Opinion for the Court filed PER CURIAM.

PER CURIAM.

This case presents a constitutional challenge to the binational panel review provisions of the United States-Canada Free-Trade Agreement Implementation Act of 1988 and the North American Free Trade Agreement Implementation Act of 1993. As we explain in this opinion, we lack jurisdiction and therefore dismiss the complaint.

I.

This case arises from a trade dispute between the United States and Canada regarding softwood lumber imports. In 2001, the Coalition for Fair Lumber Imports, an association representing U.S. lumber producers, and other interested parties petitioned the Department of Commerce seeking imposition of anti-dumping and countervailing duties (AD/ CVDs) on Canadian softwood lumber imports. The Coalition alleged that Canadian provincial governments were unfairly subsidizing their local lumber industries by charging below-market timber fees for lumber harvested on government-owned land. Under 19 U.S.C. §§ 1671b and 1673b, antidumping and countervailing duties may be imposed only if the U.S. government makes two findings, each called a “determination.” As we have previously explained in American Coalition for Competitive Trade v. Clinton, 128 F.3d 761 (D.C.Cir.1997), “the Department of Commerce determines whether dumping has occurred or whether an exporting nation has provided a subsidy. If the Commerce Department finds dumping or a subsidy, the United States International Trade Commission then determines whether the importer’s behavior has actually injured or threatened to injure a U.S. industry.” Id. at 762 (citations omitted); see also 19 U.S.C. §§ 1671b(a), 1673b(a). In most situations, a party may seek judicial review of Commerce Department and International Trade Commission (ITC) determinations only in the U.S. Court of *1331 International Trade (CIT). 19 U.S.C. § 1516a(a)(l).

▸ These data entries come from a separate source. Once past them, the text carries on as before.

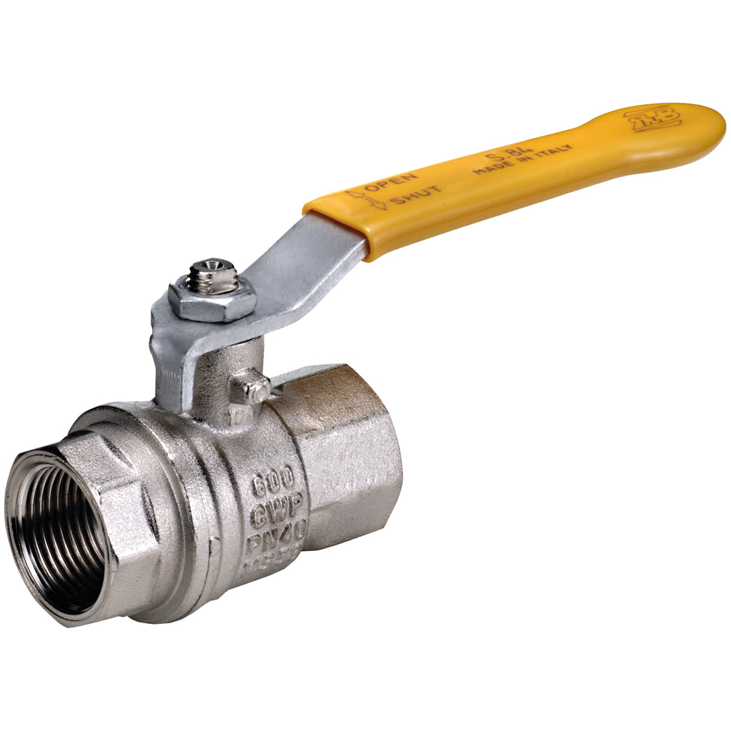1/4" BSP Parallel Female, Dual Sealing Gas Approved Ball Valve, EN331, Yellow Handle, Nickel Plated Brass, PTFE Seal, Working Temperature -40C to +170°C, Maximum Working Pressure 40 bar, RUB
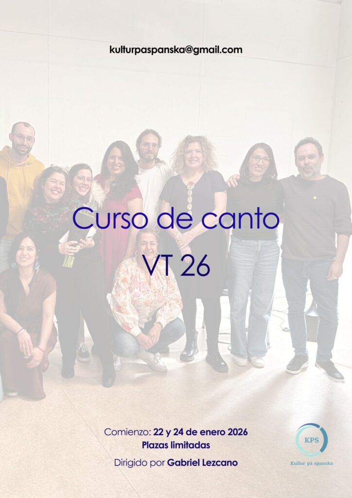 Kultur på spanska, organiza nuevamente el CURSO DE CANTO este vårtermin 26. La dinámica del curso consiste en un calentamiento vocal en grupo, trabajo técnico individual y repertorio a escoger entre el/la alumno/a y el profesor. El límite de personas tiene como objetivo un trato más personalizado en las clases y un trabajo técnico más específico. El curso está destinado tanto a principiantes como a personas que ya hayan tomado clases de técnica vocal anteriormente. El cupo es de 6 personas en cada grupo (una hora por cada grupo).
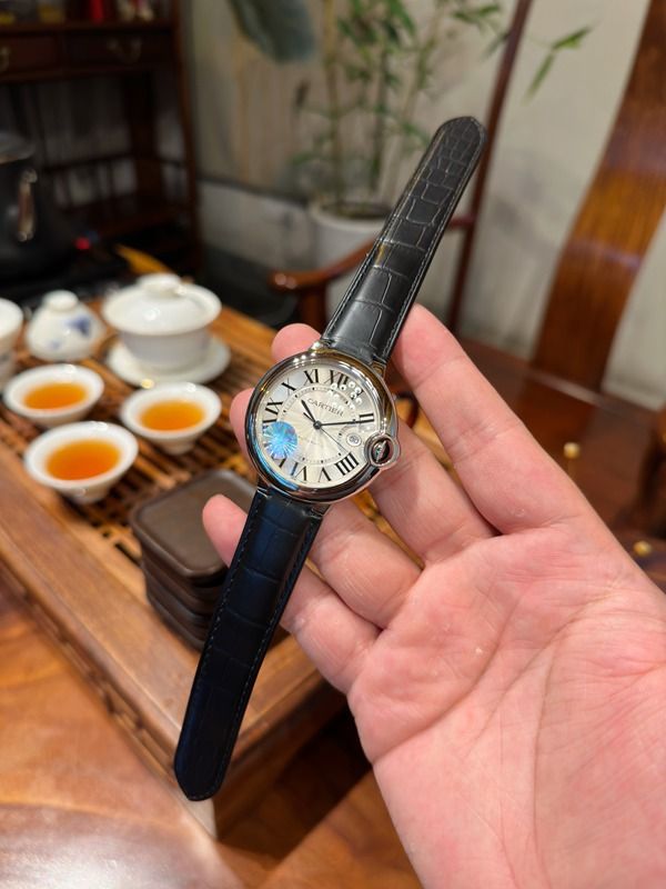 Cartier serial number check Ballon Bleu 42*13MM Stainless Steel 2892 Movement Black Leather Strap Men Watch
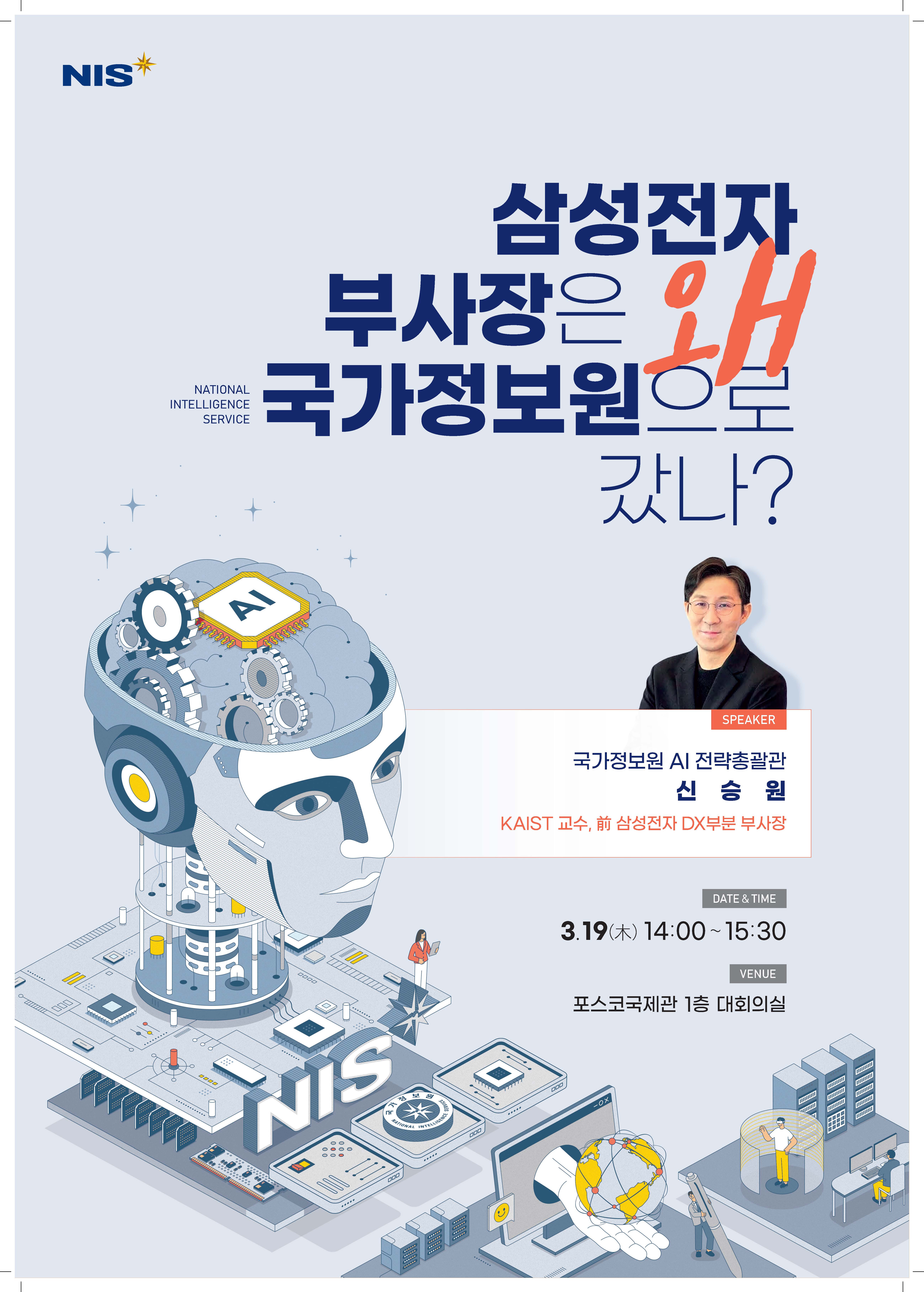 - 연사: 신승원 KAIST 교수(국가정보원 AI 전략총괄관, 前 삼성전자 DX부분 부사장)
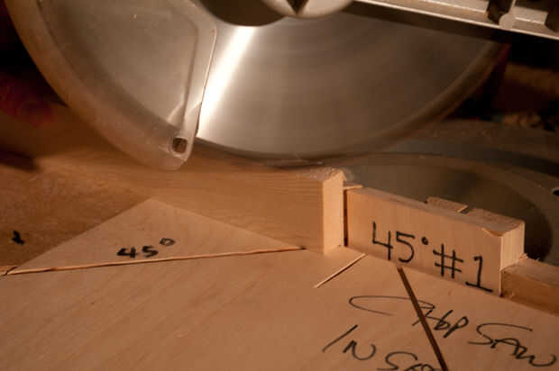 Utilice una tronzadora o sierra manual para cortar un ángulo de 45° en un extremo de cada pieza, orientado para que el corte va en diagonal a través de la estrecha superficie de la Junta. Desde el lado interior del ángulo de corte, mide 18 1/4" y hace un ángulo de 45° el corte. Ambos cortes deben ángulo hacia fuera de la longitud medida. Repita en el segundo tablero. Estos serán los dos lados largos del marco.
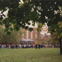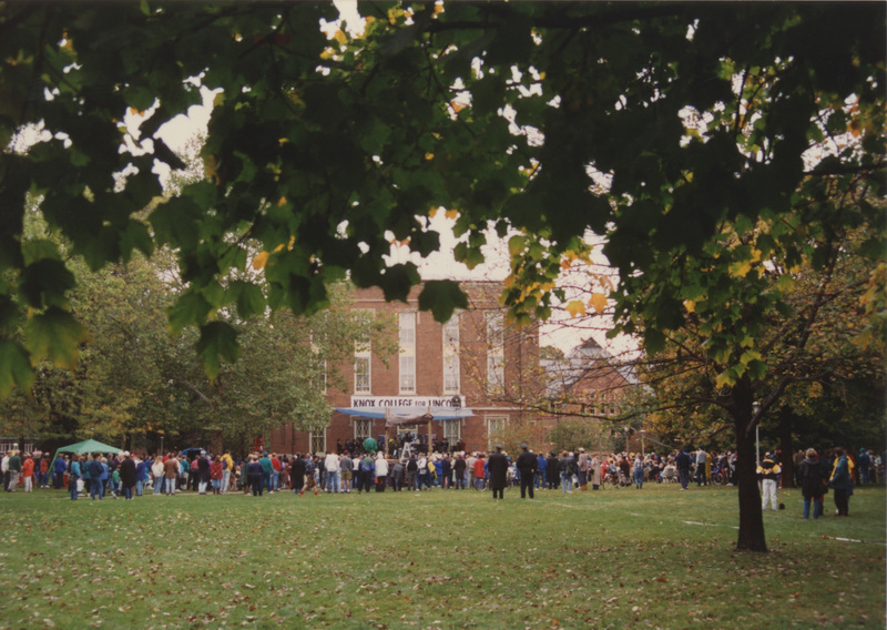 A view across the campus to large group of people standing outside a brick building bearing a banner which reads "Knox College for Lincoln." This photograph was taken as part of filming C-SPAN's Lincoln-Douglas Debates series in Galesburg, Illinois.
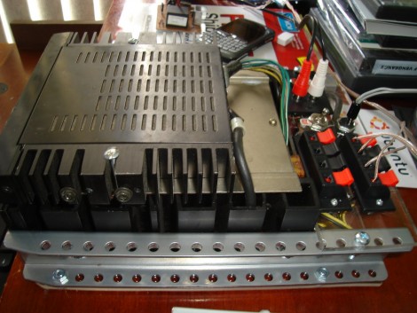 Después de un poco de las pruebas, se desprendió un relé atascado y se propuso el uso de estos amplificadores un sistema de audio. Agarró una cierta izquierda sobre los soportes de montaje de su TV y los utilizó como el ferrocarril monturas. En la parte posterior telegrafió conectores estándar de altavoces y los conectores RCA para el cable de alimentación para los amplificadores. El aspecto final es encender el dispositivo, por la que usaba su fuente de alimentación ATX modificado previamente como una prestación banco. 130-W de potencia por el costo de una de conectores.

The United States-Canada Free-Trade Agreement Implementation Act of 1988, Pub.L. No. 100-449, 102 Stat. 1851 (1988), and the North American Free Trade Agreement Implementation Act of 1993, Pub L. No. 103-182, 107 Stat.2057 (1993), however, created an optional alternative review process for Commerce Department and ITC determinations regarding goods imported from either Canada or Mexico. Again, as we explained in American Coalition for Competitive Trade:

Under this scheme, any “interested party” that appeared in the administrative proceedings before the Commerce Department or the International Trade Commission may request a binational panel to review the decisions those domestic agencies made. Panel members are selected by the United States and the other nation involved, with the United States Trade Representative appointing this country’s panel candidates. These panels apply the substantive law of the importing country.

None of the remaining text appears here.